Sunday, July 23, 2006

Wine Spectator rant numbers 3 and 4

Rants numbers 3 and 4 have a similar theme. The first is Wine Spectator's use of barrel samples and in-the-field tastings to rate vintages and wines prior to release. The second rant involves their assertion that their ratings are accurate in the maximum drinkability window.

Rating vintages and wines on pre-release or barrels samples is, at best, like test driving a car and then ordering another directly from the factory. You never really know what you are going to get. From my guitar experience it would be like buying a guitar after listening to someone else's "identical" model. Each guitar is a grouping of unique pieces of wood, cut and assembled discretely. Whether mass produced or hand made, any guitar maker or player worth a gross of picks will tell you that two guitars made right next to each other from wood cut from the same tree and right next door when the pieces are sawn will still have different tonal properties. They may be similar but they will never sound the same. Like guitars, wine is a living, breathing, changing item. Pre-release samples or barrels are often cherry picked by vitners to showcase the wine. The Bordelaise or California Big Cab makers may make 20 or more different "assemblages" over the bottling of a vintage of wine. Although the winemaker may strive to make each bottling similar, it cannot physically be done. I think I read where Paul Draper and the crew at Ridge might make a dozen or more assemblages from their various barrels for Monte Bello. Does anyone really think that every barrel intended for bottling of a vintage of a given wine is commutated before bottling.

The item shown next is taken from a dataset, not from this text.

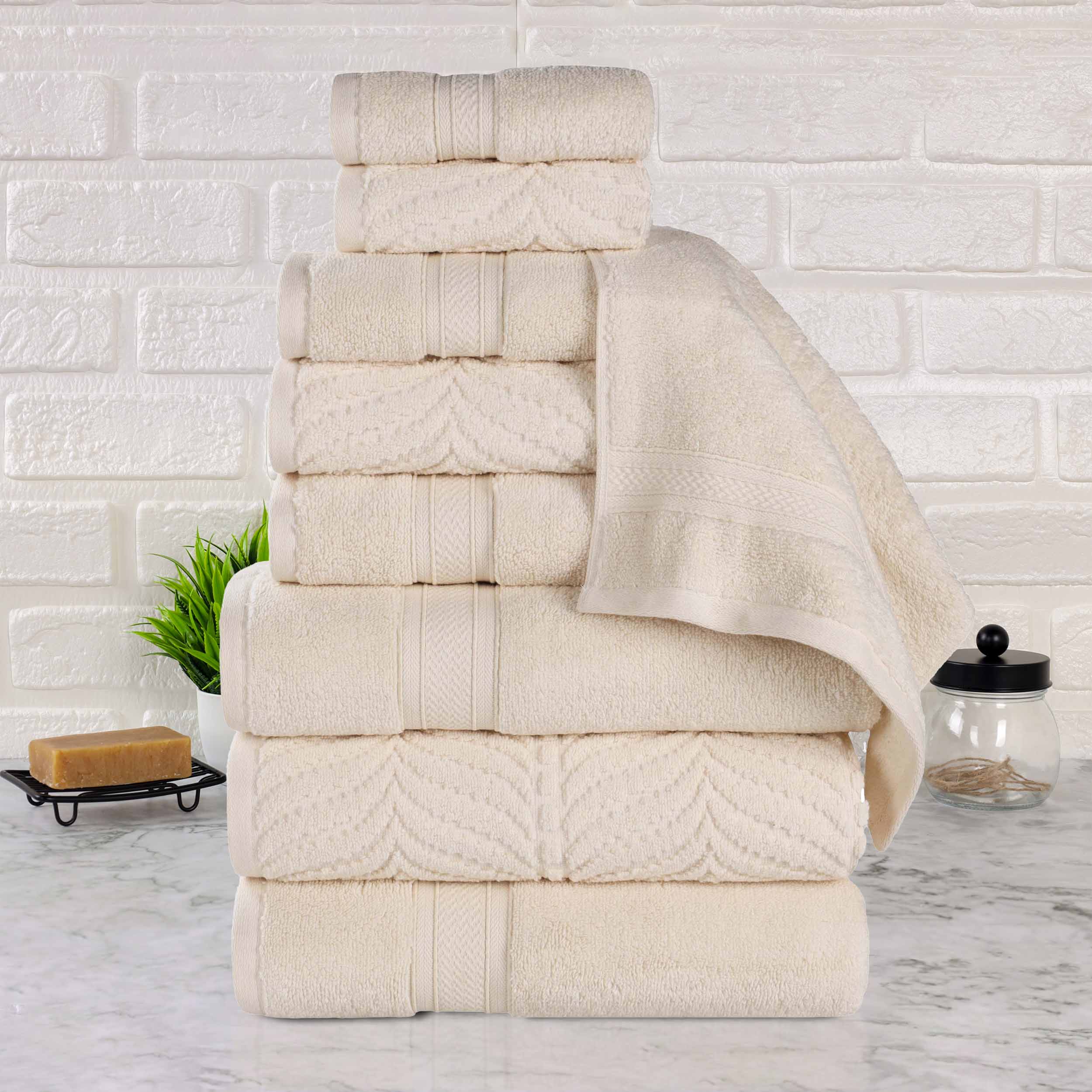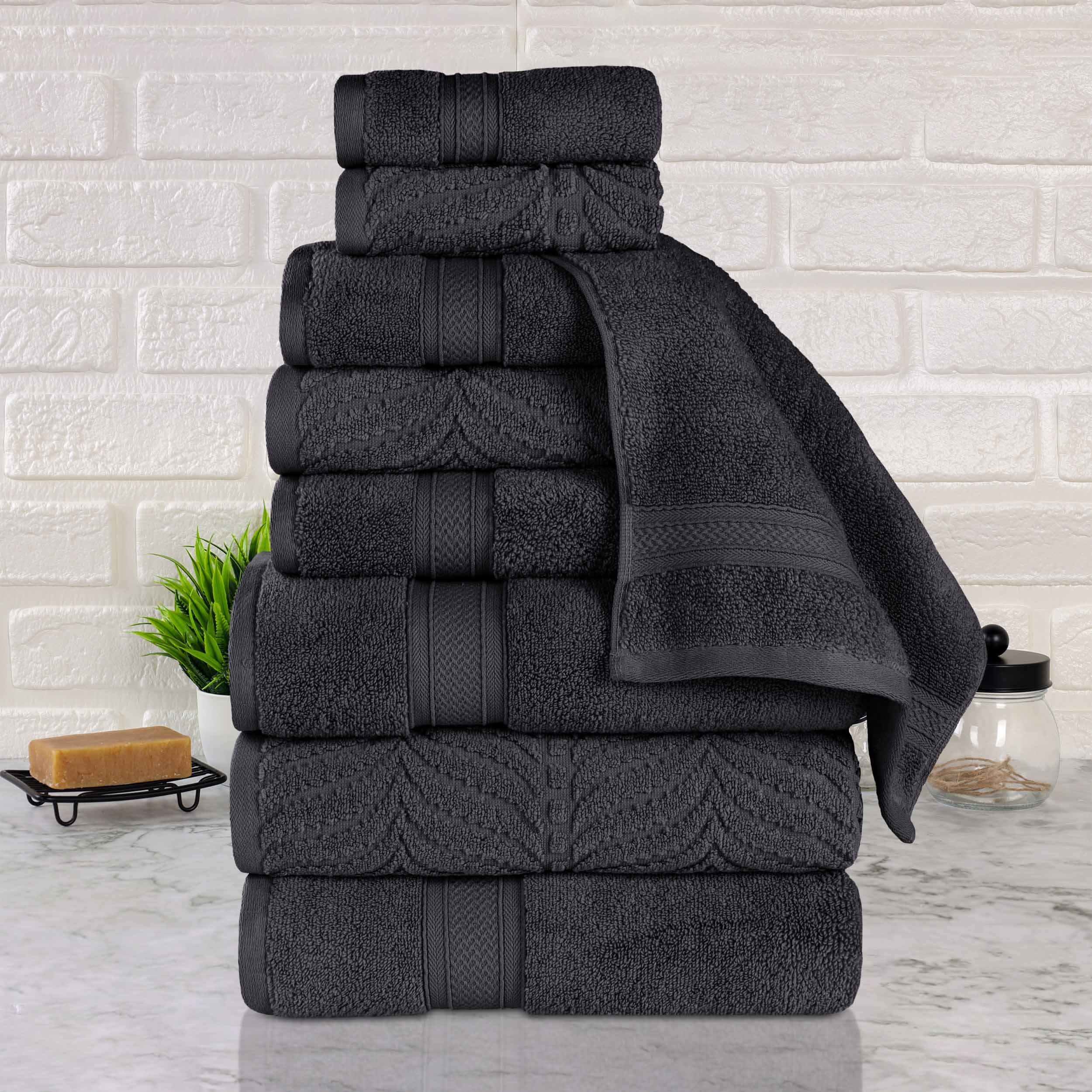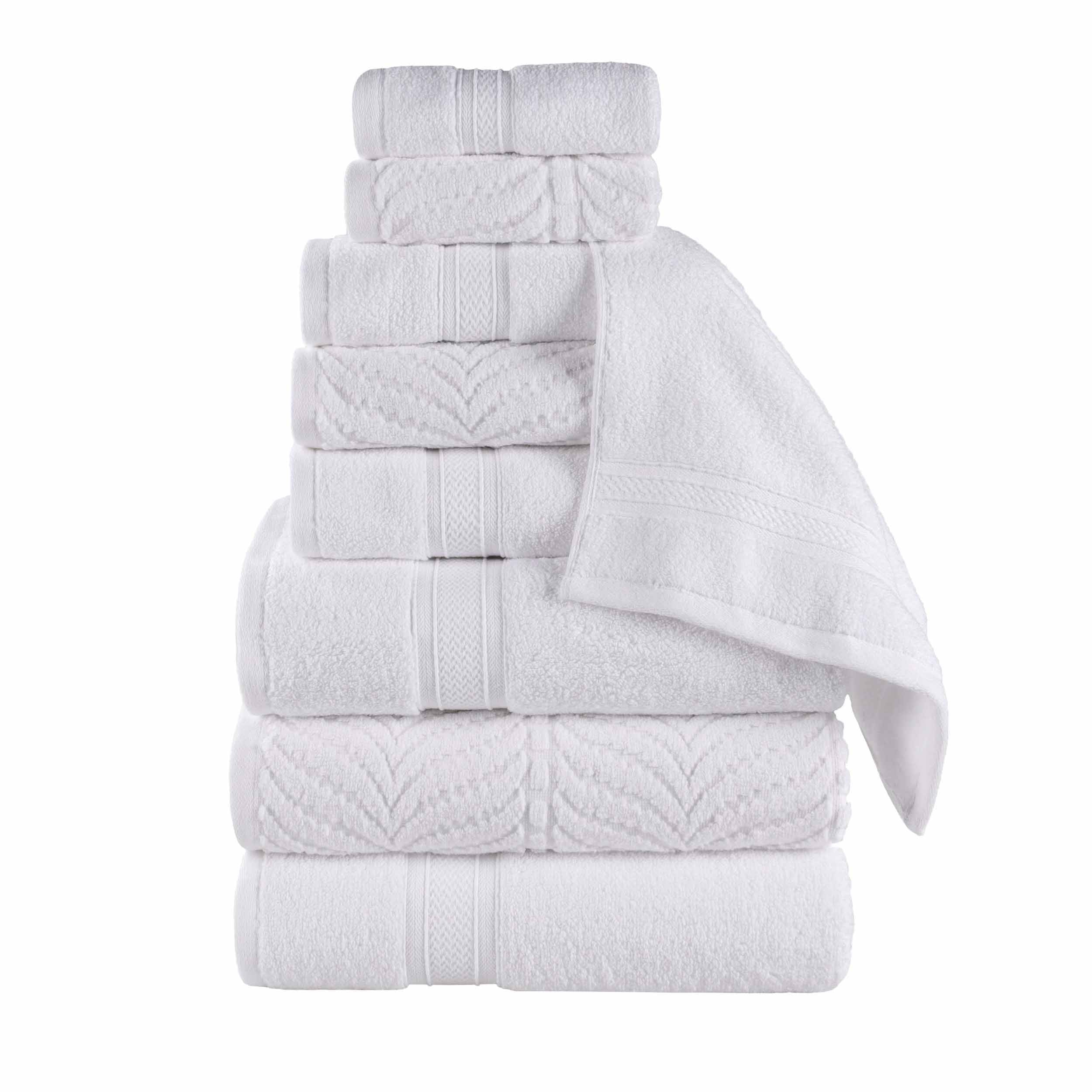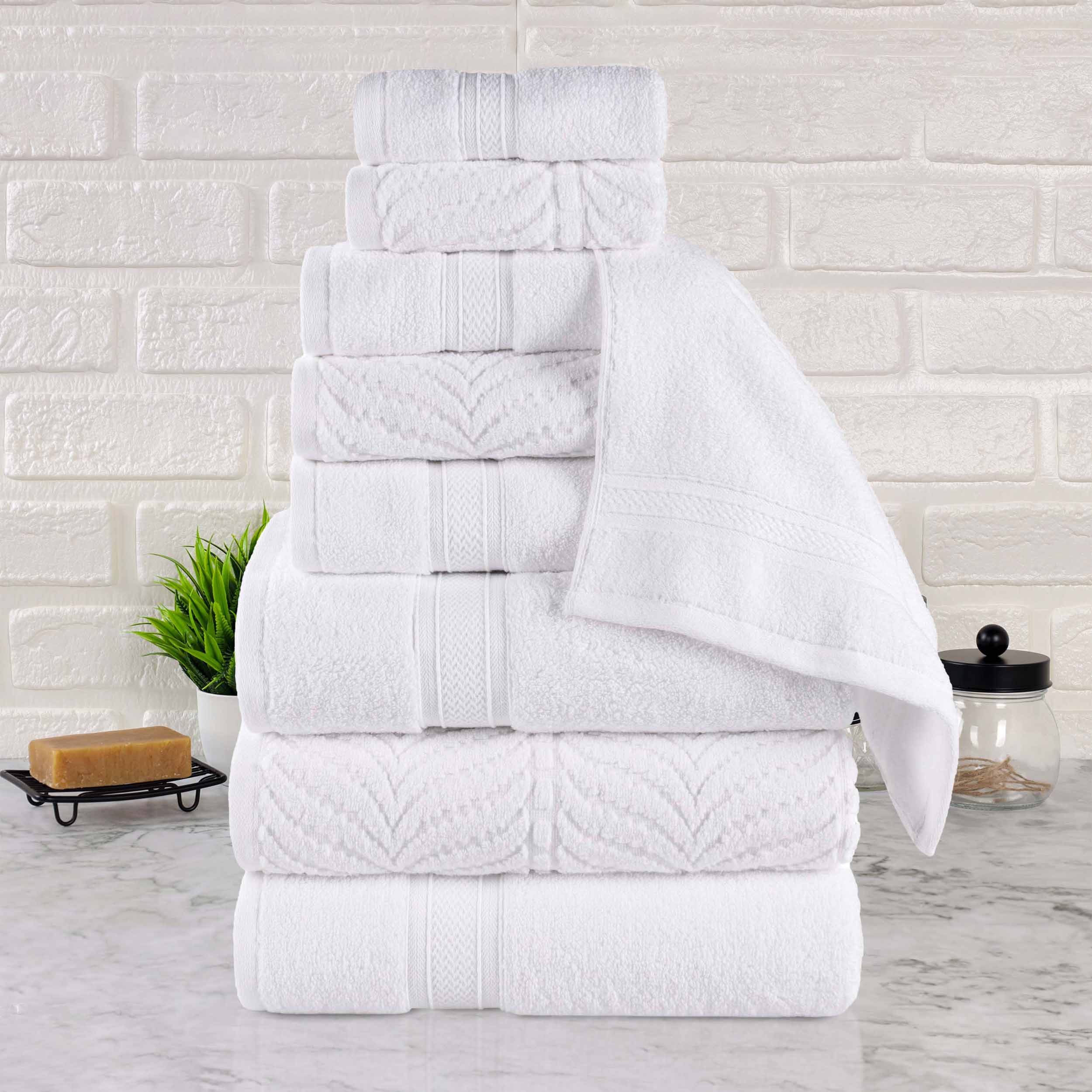 Enjoy a spa-like retreat with our Chevron Solid and Jacquard 9 Piece Towel Set. Our fluffy cotton towels have a luxuriously soft feel and the zero twist weave is plush, and highly-absorbent to get you dry quickly. The medium weight thickness of each towel is versatile and perfect for the bath, poolside, or at the beach. Boasting both solid and jacquard, chevron designs, bring unique style to your guest or master bathroom with this bundle. Each towel is finished with secure hemmed edges to avoid fraying and a durable single-ply to withstand countless washes and last you years to come. Featuring a hanging loop on each piece, enjoy both convenience and comfort with this versatile set.

No way. Does not happen. So it is bad enough that the finished bottle I buy may be different than yours but how about rating a wine or vintage of an unfinished assembly or a barrel sample? Even worse. When I read the crap about the 2005 Bordeaux vintage where the Speculator, Sir Bobbie and the rest are slinging 95's and 100's like a drunk rich guy at a titty bar, I say "bullshit". There is no way they can have any more than the most mind-boggling WAG about the true worth of the vintage. Oh, they say, we talked to the winemakers and they all say it is the best swill we have made since blah, blah, blah. You think a winemaker is going to diss his product? Give me a break. Every bottle the make is liquid gold in their overcharging, paid-to-much-for-my-vineyard, God-complex minds.

You ever notice how these wine rating a-holes never compare their barrel/pre-release sample ratings to their bottled sample ratings? You ever try to do it? It is pretty difficult because there are often several years between the publication of the pre-samples and the bottle rankings. They do not want you to do it because they know it would expose the idea of pre-release or barrel ratings as a farce perpetuated to help the winemaking corporations sell swill so that they advertise in their mags. My recommendation is never buy on these pre-tastings. I buy Monte Bello futures every year because I like the wine and I trust Draper won't put out a piece of crap. If you have a favorite wine and want to buy futures, have at it. But know what you are in for and don't ever trust what the wine writing ya-hoos at the Speculator or RP or ST or whomever say.

Now on to the actual bottle rankings. Does anyone really believe the Spectator's assertion that they are rating the wine not how it is now but how it will be when it hits it peak. F--k!!!! Give me a break. God could probably, maybe come up with such a number. But those bozo's. Yea, right. I bought the '92 Caymus Special Selection Cabernet which old Jimmy Laube gave 99 points. I drank it throughout the "drinking window" and it never, ever approached 99 points. Even when the Speculator re-rated it in 2002 in one of their ten year retrospectives, the wine, which should have been right at the peak, only got something like an 89. I would have to go back to my Speculator back issues to look up the actual number, but it was not much higher than that, if at all.

Snap, there it is. By their own admission their rankings "at peak" are bullshit, to quote old Penn and Teller. It boggles the mind that these guys think they are so great at tasting that they can actually predict how a wine will be 5 maybe 10 or more years down the road. What a bunch of arrogant, wine geeky, snobby pigs. It is unfathomable that these jerkoffs can claim to rate the wine "at its peak". You can rate it now, but don't feed the rest of us that you somehow are prescient or God.